### PROBLEM
What you output must be the exact lines from the first line of the data through the one holding "Chaqueta sin cuello", with no pictures.

### DATASET EXCERPT
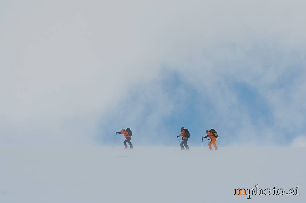 Tokrat spet v Mallnitz. Nad planino Jamnig srečali Slavca in kamerade. Vse zabasano, veter, občasno naletaval sneg.
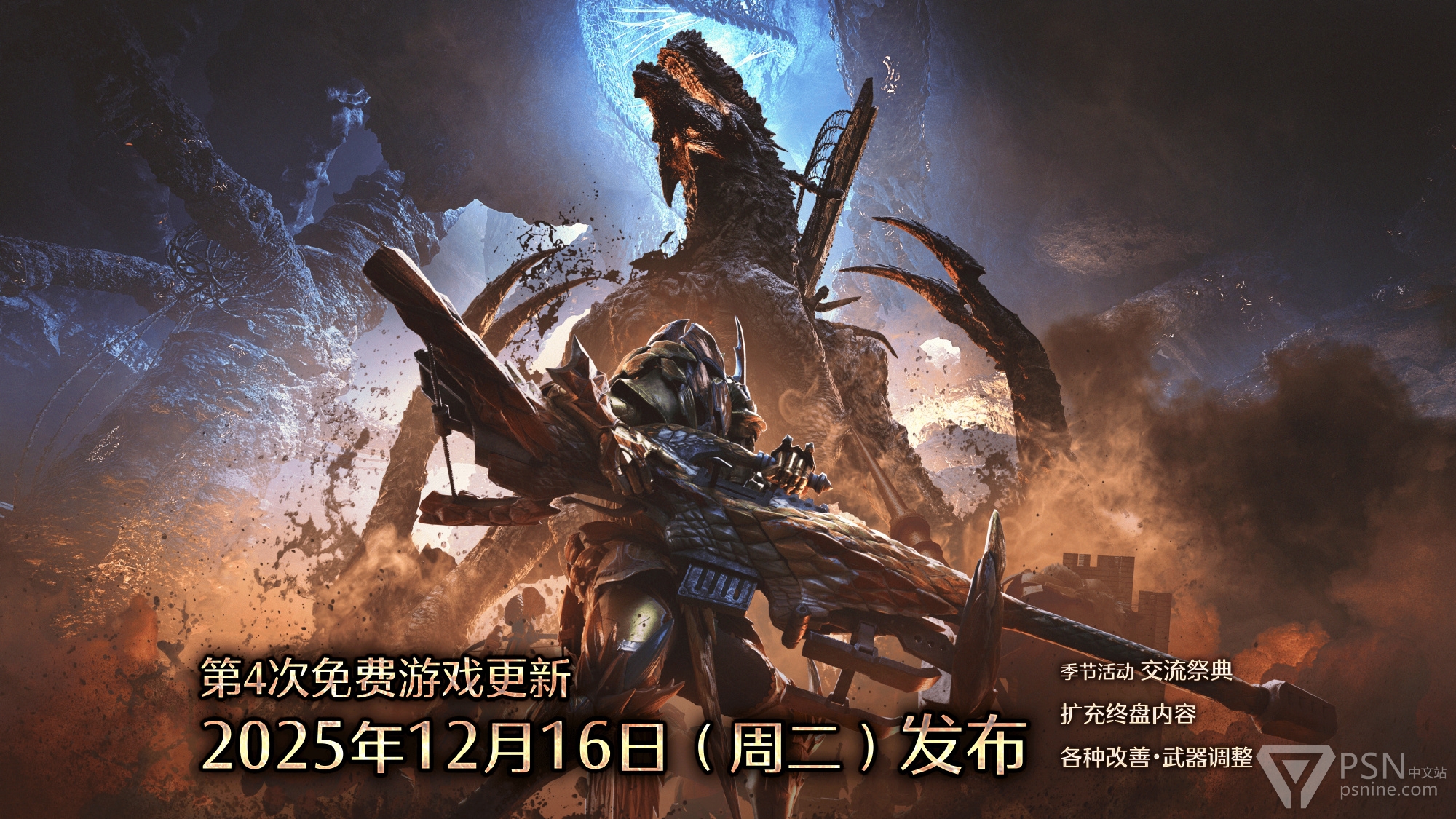 《怪物猎人 荒野》第四弹免费更新将于12月16日推出,主视图公布,此次更新将追加怪物“巨戟龙”、全新季节活动“交流祭典”,扩充终局内容以及针对武器的各项调整。
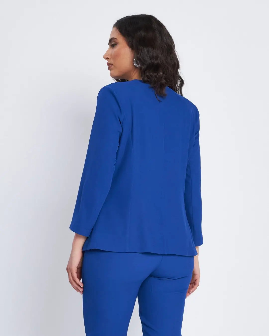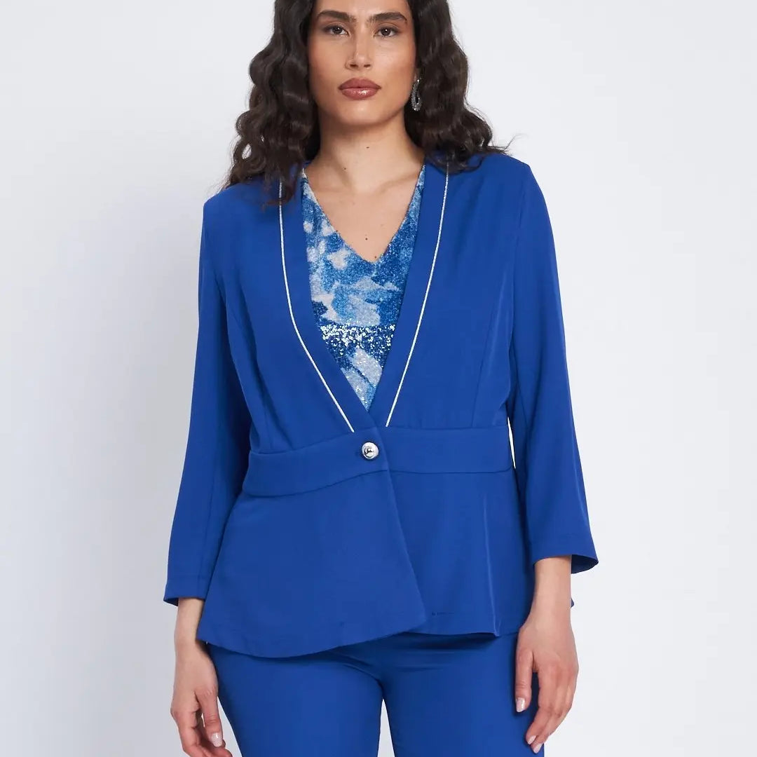 Chaqueta sin cuello con peplum y ribete AZUL CHINA
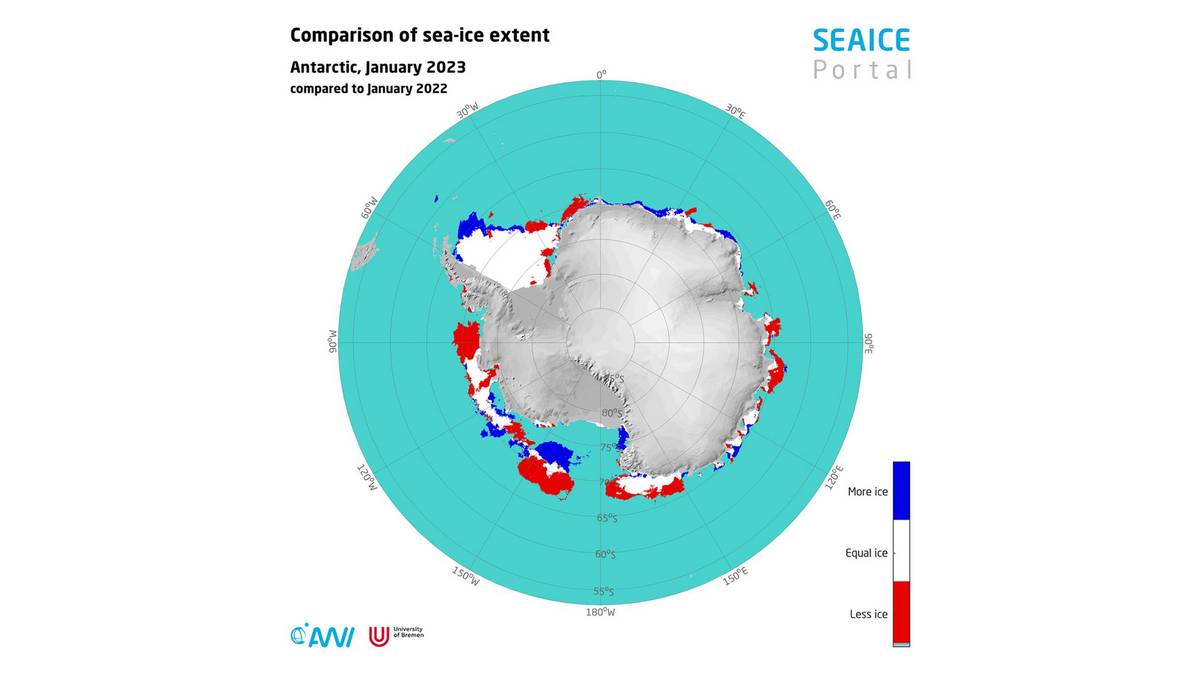Германскиот институт Алфред Вегенер (AWI) вчера соопшти дека покриеноста со мраз на Антарктикот достигна рекордно ниско ниво на 8 февруари, при што сателитски податоци забележаа површина од само 2,2 милиони квадратни километри мраз што го покрива Јужниот, односно Антарктичкиот Океан.

### EXERCISE ANSWER
 Tokrat spet v Mallnitz. Nad planino Jamnig srečali Slavca in kamerade. Vse zabasano, veter, občasno naletaval sneg.
 《怪物猎人 荒野》第四弹免费更新将于12月16日推出,主视图公布,此次更新将追加怪物“巨戟龙”、全新季节活动“交流祭典”,扩充终局内容以及针对武器的各项调整。
 Chaqueta sin cuello con peplum y ribete AZUL CHINA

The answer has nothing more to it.